Starting point is 00:09:51 Now, if we were to think about safety critical applications like flight or self-driving cars or maybe the health space, then we want to make sure that if agents explore, they only try those actions that are actually sensible and have a good chance of success within those environments. Just like people do, we wouldn't try arbitrary random things. We would try to address a problem by taking a path forward that has a good chance of giving us a good outcome. So we would like those agents to be pre-trained as much as possible in a simulated environment, then the key question is how to transfer that to the real environment. And there's actually a lot of work, many other colleagues are focusing on that, to look at how well learned behavior can be translated into real-world situations. And in many cases, it's surprisingly effective to

Starting point is 00:11:01 actually pre-train in simulation and then perform the task in a real-world environment. So let's talk a bit about this reinforcement learning. We've talked to other researchers about the rewards and I don't want to call them punishments, but how does an algorithm deal with rewards? It's different from a human, right? We would feel embarrassed or ashamed or whatever that we made a mistake. An algorithm doesn't have those feelings. What is the mechanism that you build into the machine learning techniques for reinforcement learning? That's a fantastic question. And there are two ways in which I think about how those agents handle rewards. One side of this is kind of the reward structure that is imposed on the agent, in this

Starting point is 00:11:46 case often by the experimenter or by the person designing a system. So if you play a game, let's say a parkour race in Minecraft, then the experimenter could look at this and say, well, if you win the race, then you get a positive reward. So we want to encourage that behavior. We give a plus one. If you lose, then you get a minus one. So this is very much kind of a hand-tuned reward structure that would be application dependent. In some situations, there might be a reward structure that is very natural. So when you play Atari games, the score was a pretty good proxy reward structure. Or if you learn to play chess, then winning or losing the game is a good one. But there are many application areas where there's not an obvious reward structure. If you wanted to train an agent to help a human user perform

Starting point is 00:12:37 whatever the user is trying to do, then you would need to think more generally about what is a good reward structure for such an agent that learns to cooperate with people. And this is actually one of the key directions that we're focusing on within my group to understand how to create reward structures that would be useful for learning this kind of cooperative behavior or the supportive behavior in agents. Your team has intentionally made the Malmo platform open source and independent of or agnostic to the variety of methodologies and programming languages that researchers or developers might bring to the table. Why have you worked so hard to make this project so open? That's a fantastic question. And if you ask my team, it's quite painful to develop for three different operating systems and at least five different programming languages.

Starting point is 00:13:41 But what we really designed MIMO4 was for this broad exchange between industry and the academic community. AI and reinforcement learning are fascinating techniques and this whole area is developing very, very quickly, but it's not quite clear where the next new insight is going to come from. There are thousands of people, maybe hundreds of thousands of people working on tackling some of those really hard challenges. And it is often hard to compare very different approaches with each other because different communities might have different tools, might be using meta platform that others could be using to start to compare, start to integrate the different approaches and really generate new insights and understanding how to push this area forward. So you alluded just now to collaboration with academia industry and academia collaborating. What does each party bring to the party, so to speak, in this back and forth between applied and pure research? I think that's a great question.

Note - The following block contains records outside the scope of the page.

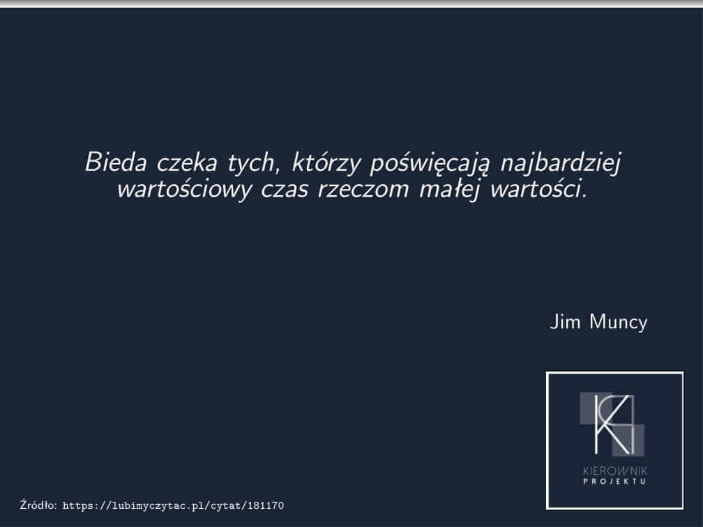 agile biznes brak chęci Brian Tracy cel cele cykl życia projektu cytat czas definicja efektywność kaizen Kanban karta projektu kierownik projektu kierownik_projektu komunikacja konsultacje monitorowanie motywacja narzędzia nauka organizacja planowanie pmart PMBoK porady praca priorytety projekt recenzja SCRUM studia sukces szkolenie wskazówka wskazówki współpraca Zarządzanie zarządzanie czasem zarządzanie portfelem projektów zarządzanie pracą zarządzanie projektami zarządzanie zadaniami zespół
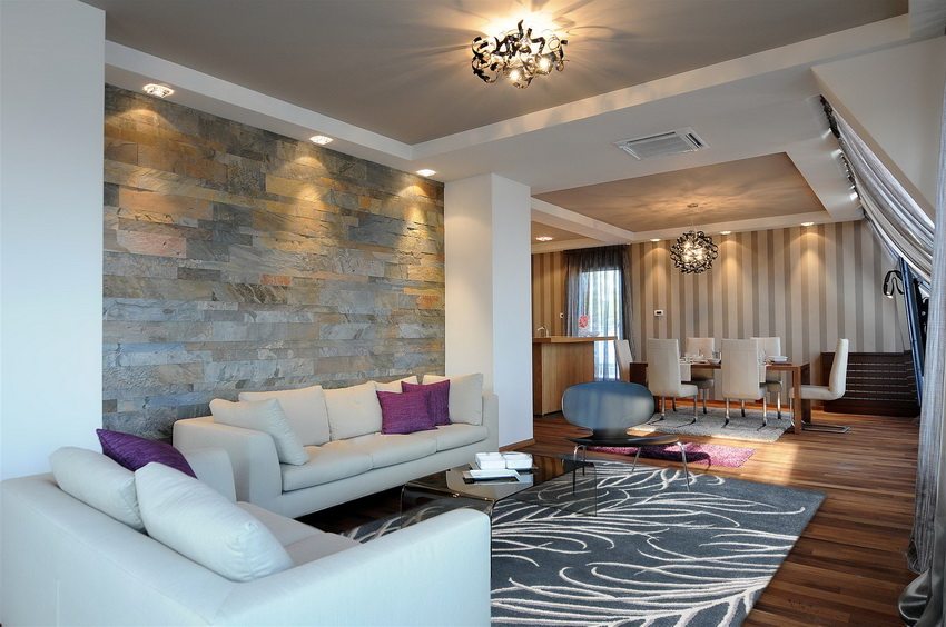 Reception of the arrangement of central lighting with point recessed ceiling LED lamps (photo examples illustrate this) allows you to achieve high-quality illumination of the entire room and place light accents on individual decorative elements. The combination of several types of lighting, operating in different modes, significantly saves energy costs.
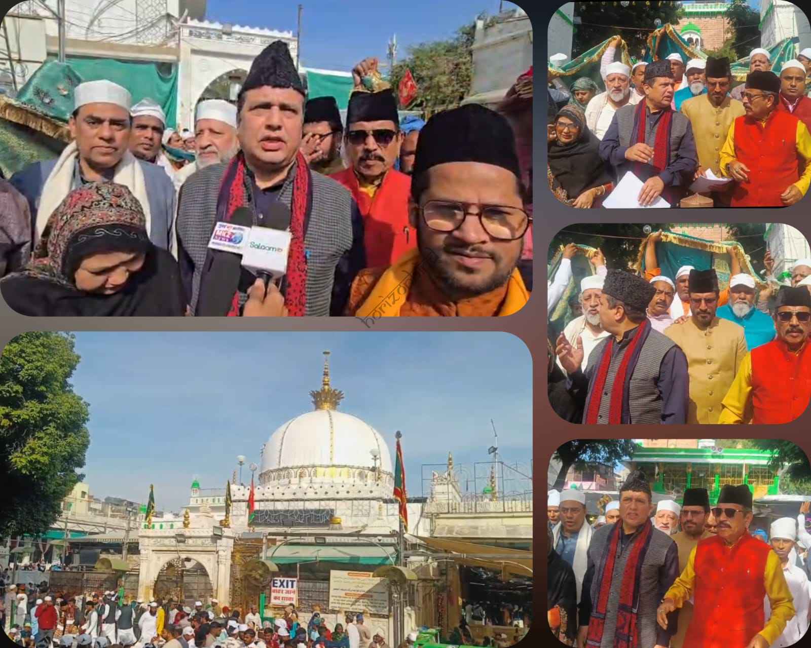 ख्वाजा मोइनुद्दीन चिश्ती रहमतुल्ला अलैह के 814 वें उर्स के मौके पर मुस्लिम राष्ट्रीय मंच के राष्ट्रीय अध्यक्ष इंद्रेश कुमार जी की जानिब से भेजी गई चादर आज ख्वाजा के दरबार में पेश की गई। चादर लेकर पहुंचे वक्फ की सदारत कर रहे नुमाइंदों ने बताया कि चादर के इस जुलूस में मुस्लिम राष्ट्रीय मंच के राष्ट्रीय संयोजक अबू बकर नकवी, रेशमा हुसैन, इरफान मिर्ज़ा, नवाबुद्दीन, बहन अमतुल सहित अनेक बहने भी शामिल है जिन्होंने अपने हाथों से इस चादर को 2 महीने की मेहनत के बाद बनाया जो आज ख्वाजा के दरबार में पेश की जा रही है। उन्होंने बताया कि इंद्रेश कुमार जी ने अपने संदेश में लिखा है कि भारत एक बार फिर से अखंड भारत बने जिस तरह से ख्वाजा का भारत था सभी हिंदू मुस्लिम सिख इसाई मिलजुल कर भाईचारगी के साथ देश की तरक्की में शामिल हो इस तरह की दुआ की गई है। खादिम दौलत अली चिश्ती की सदारत में ख्वाजा के दरबार में चादर पेश की गई सभी की दस्तार बंदी कर तबर्रूक भेंट किया गया।

Starting point is 00:14:49 And it's one where I kind of think of myself as a little bit in the middle, as kind of having a foot in both. Because at Microsoft Research, we are really in the research area. So some of our work very much looks like what would happen at an academic institution. But at the same time, we have access to this huge company where there's a lot of interesting problems in product groups and looking at people who are solving some of the really hard challenges that are experienced in industry. And that gives us a great source of both collaboration and inspiration of what's coming, maybe what key challenges need to be addressed and how we can frame our research or

Starting point is 00:15:30 maybe think about our research in such a way that it can achieve maximal input. So really thinking about, well, if I focus on this area and answering those questions, how is this going to change the world? How is this going to change how we look at things and what kind of real world impact could that have? And I think this real-world perspective is something really valuable that the industry side brings to the table. On the academic side, you have the opportunity to take a longer-term view. I mean, some of the breakthrough technologies that we're using today, deep learning, has roots that go several decades back and have taken a huge amount of dedication and energy of really a sustained research program on the academic side. And I

Starting point is 00:16:12 think this long-term view, as well as the huge variety of different opinions and ideas that we see in the academic community, are extremely valuable and absolutely necessary for pushing the field forward. By bringing those two sides together, I think really interesting things can happen. When you launched Project Malmo a year ago, you had a really overwhelming response. And since then, there have been some exciting new developments with the project. Tell us what happened at the outset, what's happened since, and what you're seeing on the horizon in the future. So we were really excited more than a year ago and launching the platform and really seeing how the community would respond and what they would do with it. And it was really crazy and

Starting point is 00:16:56 exciting to see how many people would pick up this platform and use it for a huge variety of different purposes. Some of those we had never thought about or never anticipated. There was quite some uptake in class projects to learn about concepts in AI and different approaches to AI. There are different enthusiasts that just love interacting with the platform and seeing what they can come up with. And there's a huge variety in terms of the research directions that people are establishing on top of it.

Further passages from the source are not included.